Assigned task
Leave the images aside and repeat the whole listing exactly.

Input material
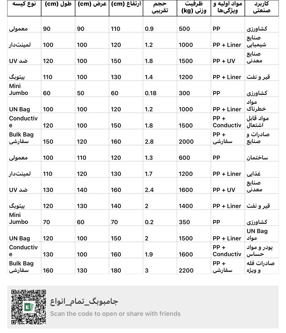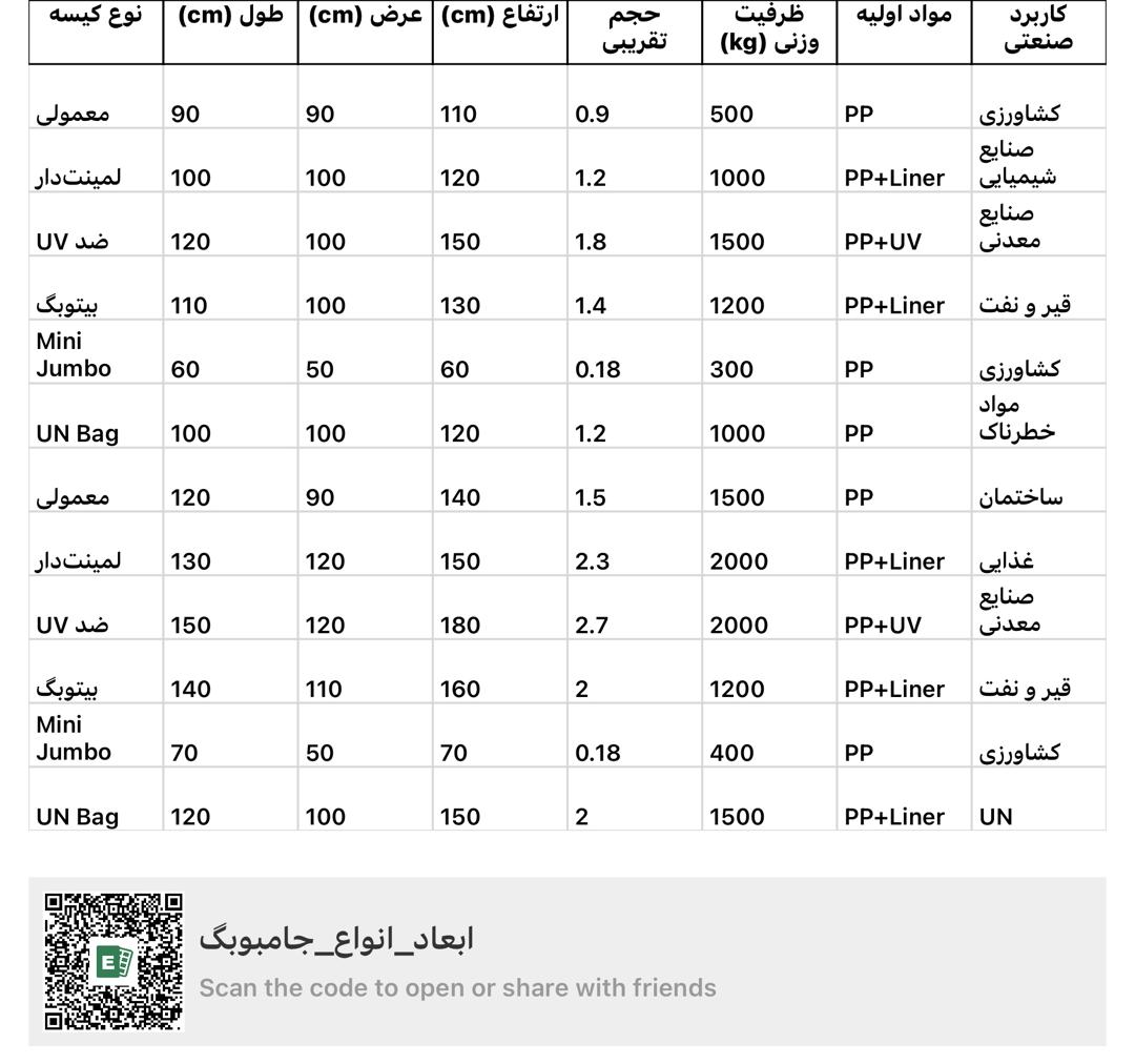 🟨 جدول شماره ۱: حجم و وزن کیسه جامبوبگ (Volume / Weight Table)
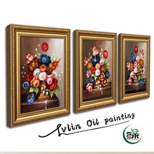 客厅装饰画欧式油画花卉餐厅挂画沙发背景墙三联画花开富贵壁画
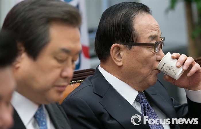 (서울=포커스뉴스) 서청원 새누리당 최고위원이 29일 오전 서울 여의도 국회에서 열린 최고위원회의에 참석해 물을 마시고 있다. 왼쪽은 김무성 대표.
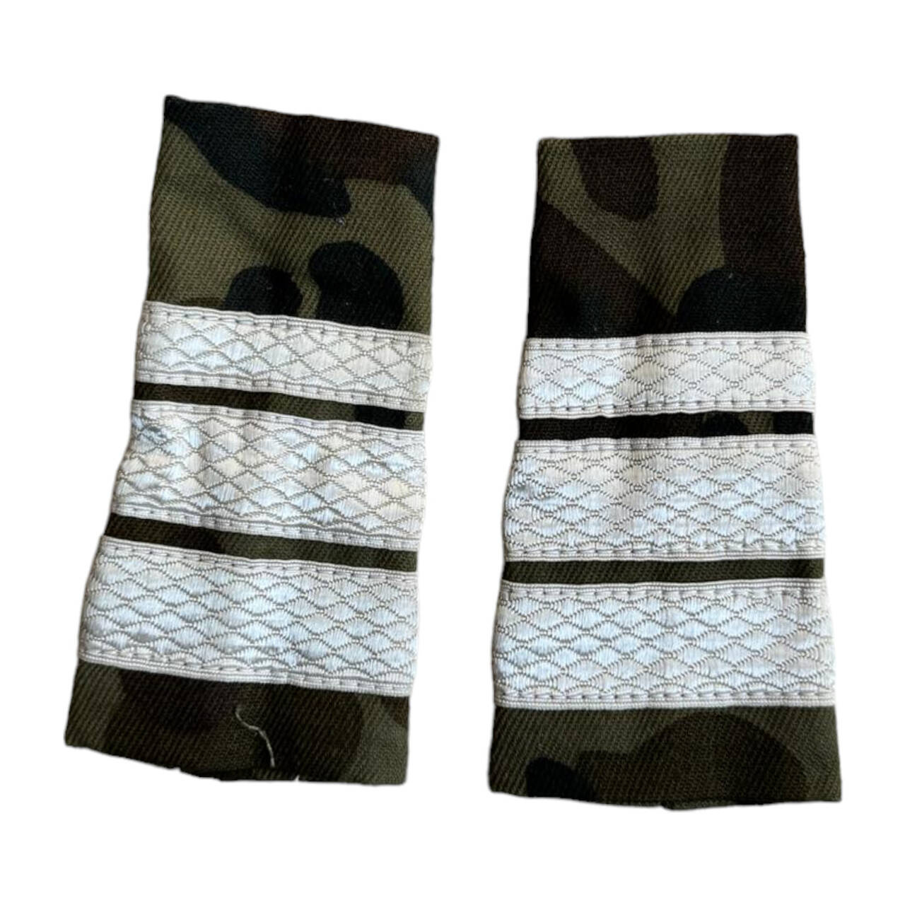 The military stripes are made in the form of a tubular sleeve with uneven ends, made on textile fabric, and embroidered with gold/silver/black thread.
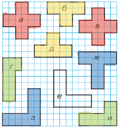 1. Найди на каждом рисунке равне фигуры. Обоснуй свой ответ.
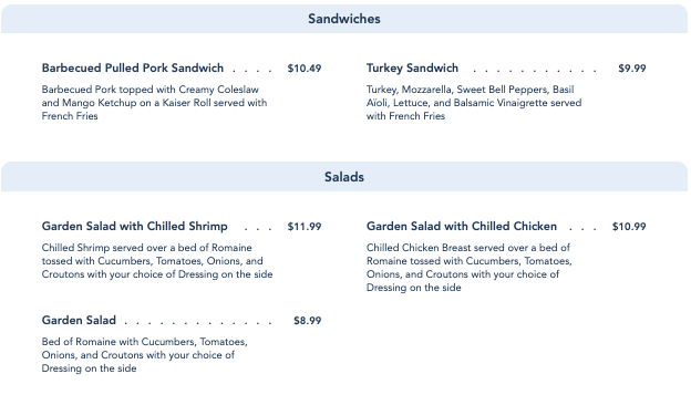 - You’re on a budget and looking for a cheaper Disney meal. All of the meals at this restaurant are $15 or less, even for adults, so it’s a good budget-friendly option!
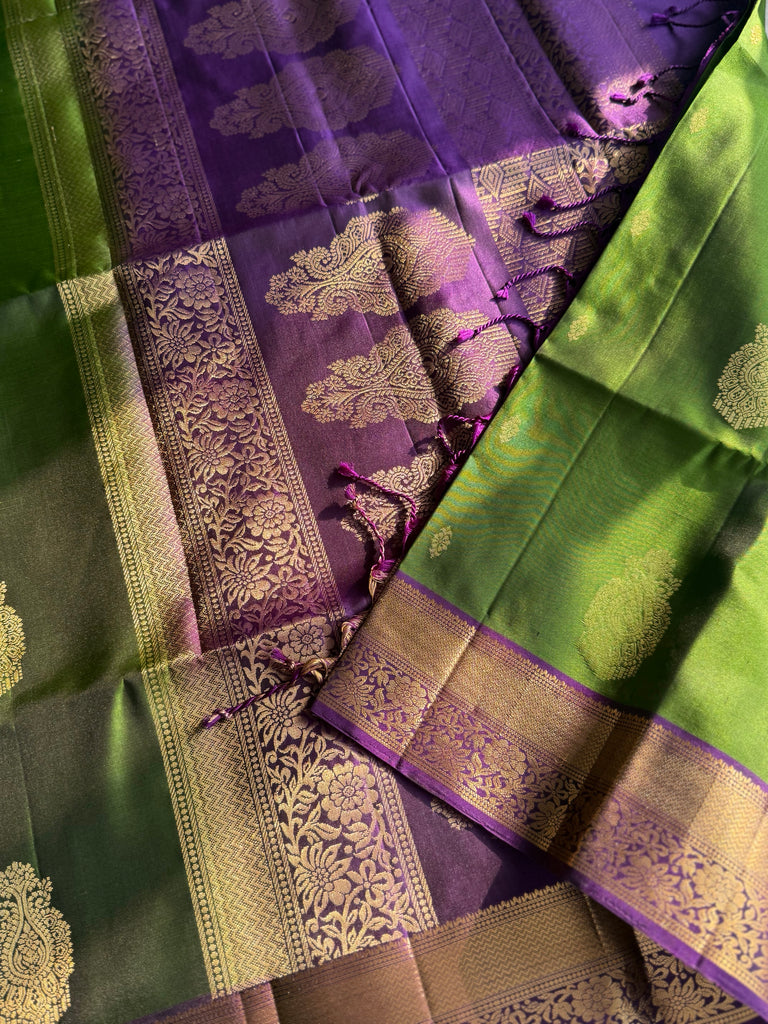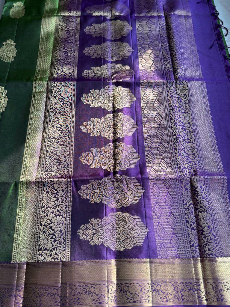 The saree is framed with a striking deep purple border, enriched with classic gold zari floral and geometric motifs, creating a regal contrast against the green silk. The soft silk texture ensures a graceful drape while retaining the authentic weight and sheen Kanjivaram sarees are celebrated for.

Answer section
 🟨 جدول شماره ۱: حجم و وزن کیسه جامبوبگ (Volume / Weight Table)
 客厅装饰画欧式油画花卉餐厅挂画沙发背景墙三联画花开富贵壁画
 (서울=포커스뉴스) 서청원 새누리당 최고위원이 29일 오전 서울 여의도 국회에서 열린 최고위원회의에 참석해 물을 마시고 있다. 왼쪽은 김무성 대표.
 The military stripes are made in the form of a tubular sleeve with uneven ends, made on textile fabric, and embroidered with gold/silver/black thread.
 1. Найди на каждом рисунке равне фигуры. Обоснуй свой ответ.
 - You’re on a budget and looking for a cheaper Disney meal. All of the meals at this restaurant are $15 or less, even for adults, so it’s a good budget-friendly option!
 The saree is framed with a striking deep purple border, enriched with classic gold zari floral and geometric motifs, creating a regal contrast against the green silk. The soft silk texture ensures a graceful drape while retaining the authentic weight and sheen Kanjivaram sarees are celebrated for.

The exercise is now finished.